Tarihi 6 Mayıs 2019

Hayırla yad edilmek için

YÜKSEK Seçim Kurulu'nun İstanbul seçimleriyle ilgili kararını vermesi bekleniyor. Şüphesiz kurul yılların tecrübesine dayanarak karar verecek. Eldeki verileri, somut delilleri inceleyecek ve son sözü söyleyecek.
Beklentiler kurulun ortalığa saçılan bu kadar şaibe, seçim yolsuzluğu, usulsüzlük ve oy hırsızlığından sonra seçimlerin tekrarı yönünde karar vermesi. Kurul aksi yönde bir karar verirse de en nihayetinde adil bulmasak da hukukun dediği olacak. Sokaklara çıkıp ortalığı yakıp yıkmak Tük toplumunun makul çoğunluğunun değil fakat Gezici çapulcuların adeti. Makul çoğunluk iptal beklese bile aksi yönde bir karar çıkarsa tepkisini sağduyulu bir şekilde gösterecek.

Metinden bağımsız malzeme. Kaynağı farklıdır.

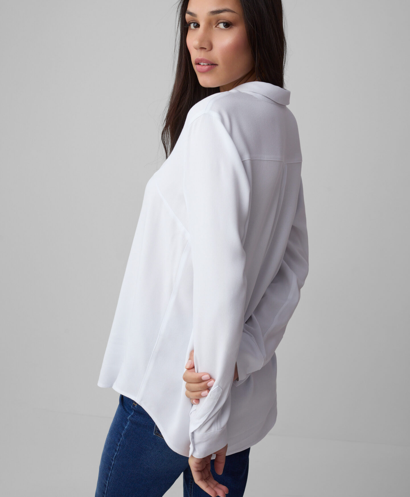 Balti marškiniai, pasiūti iš 100 % viskozės, yra patogūs ir nepavaldūs laikui. Jie yra minkšti, pralaidūs orui ir malonūs liesti. Klasikinis modelius ir elegantiška balta spalva daro juos neįtikėtinai universaliu garderobo elementu. Minimalistinis dizainas puikiai tinka tiek prie laisvalaikio, tiek prie oficialesnės aprangos.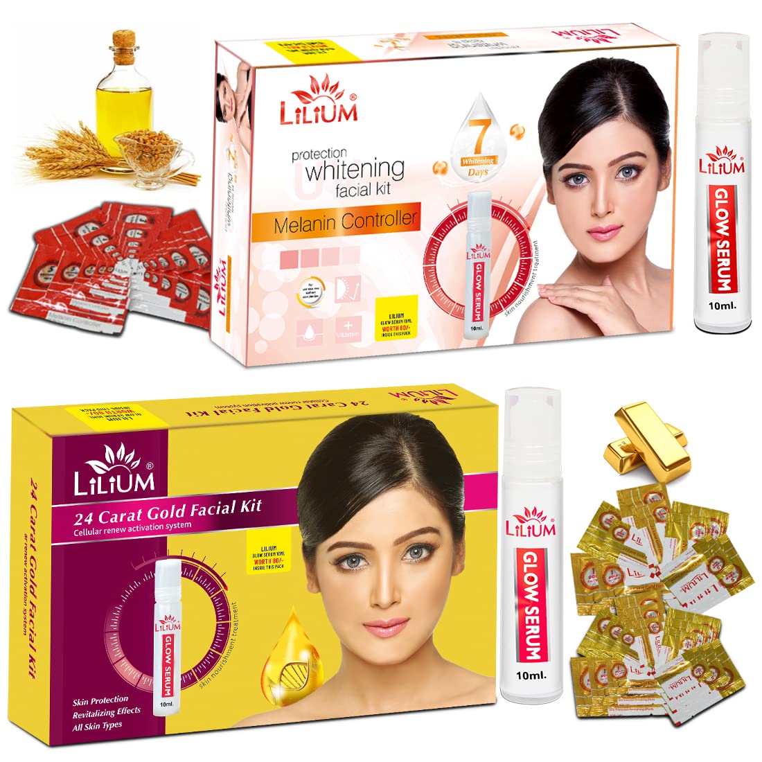 Lilium Gold & Whitening Facial Kit Pack of 2 Cellular Renew Activation System For Luminous and Radiant Complextion 120g

Ne kararlar alınmadı ki Türkiye'de?
Siz bakmayın bugün 'hukukun kontrolü elimizden gitti, yargıdaki militan ve mezhepçi yapılanmamız dağıldı' diyemedikleri için 'hukuka güven kalmadı' diyenlere. Onların 'hukuka güven tam' dedikleri dönemde hakimler ve yargıçlar 28 Şubat'ta darbeci askerlerden brifing dinlediler. İrtica ile mücadele etmek için nasıl yargı kararları vermeleri gerektiğini askerler dikte etti, hakim ve savcılar dinledi. Hatta toplantının sonunda tribün amigoları gibi el çırparak tezahürat bile yaptılar.

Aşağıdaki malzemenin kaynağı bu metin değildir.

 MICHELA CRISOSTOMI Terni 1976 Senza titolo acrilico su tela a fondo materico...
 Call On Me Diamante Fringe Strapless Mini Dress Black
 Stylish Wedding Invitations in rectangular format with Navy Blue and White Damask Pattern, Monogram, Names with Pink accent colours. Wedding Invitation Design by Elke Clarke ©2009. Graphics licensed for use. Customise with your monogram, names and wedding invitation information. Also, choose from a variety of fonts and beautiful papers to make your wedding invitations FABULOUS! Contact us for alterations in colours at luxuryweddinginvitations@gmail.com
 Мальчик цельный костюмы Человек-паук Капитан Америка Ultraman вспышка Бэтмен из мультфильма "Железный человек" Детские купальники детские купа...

Cübbeli şarlatanlar! Bununla bitse neyse; iktidarın imam hatiplerin önünü açmak için yaptığı kanuni düzenlemeler Danıştay marifetiyle iptal edildi kaç kere. Daha doğrusu Danıştay marifetiyle değil Danıştay'a hakim olan mezhepçi militanlar marifetiyle demek gerekiyor.
Bugün hukukun üstünlüğünden, yargıya güvenden bahseden goygoycular o günlerde seslerini çıkarmıyorlardı.
Maalesef memleketimizde 367 garabeti de hukuk eli ile yaşandı. Üstelik en üst yargı kurumlarından birisi olan Anayasa Mahkemesi tarafından verildi o karar. Tıpkı 550 sandalyeli Meclis'ten 411 evet oyu ile geçen ve başörtüsüne özgürlük veren anayasa değişikliğinin iptal kararı gibi. Anayasa Mahkemesi'ne hakim olan, hukuku ideolojilerine kurban eden aynı zihniyetin eseri.
Örnekleri çoğaltabiliriz ama netice hep aynı. Bu kararları alan cübbeli şarlatanlar bugün toplum tarafından nefretle anılıyor. Çoğunun adı sanı zaten unutuldu ama gıyaplarında çoktan adalet mücadelemizin yüz karaları olarak bellendiler. Hukuku guguk yaparak durdurmak istedikleri ise çoktan kahramanlaştı. 28 Şubat hukuku tarafından 'kan emici' ve 'yarasa' olarak isimlendirilen muhafazakar siyaset ülke tarihine damgasını vurdu bile.
Muhafazakar siyasetin değerleri artık toplumun değerleri haline geldi. CHP bile muhafazakarlığa özenerek siyaset yapıyor. YSK'nın vereceği karar da böyle olacak. İhtimal vermiyorum ama YSK hatalı bir karar verirse şaibe açığa çıkmadığı ile kalacak. Günün sonunda Türkiye kutlu mücadelesine devam edecek. Yolundan dönmeyecek. Ancak yanlış kararlar verenler tıpkı öncekilerin akıbetine uğrayacak; hayırla yad edilmeyecekler.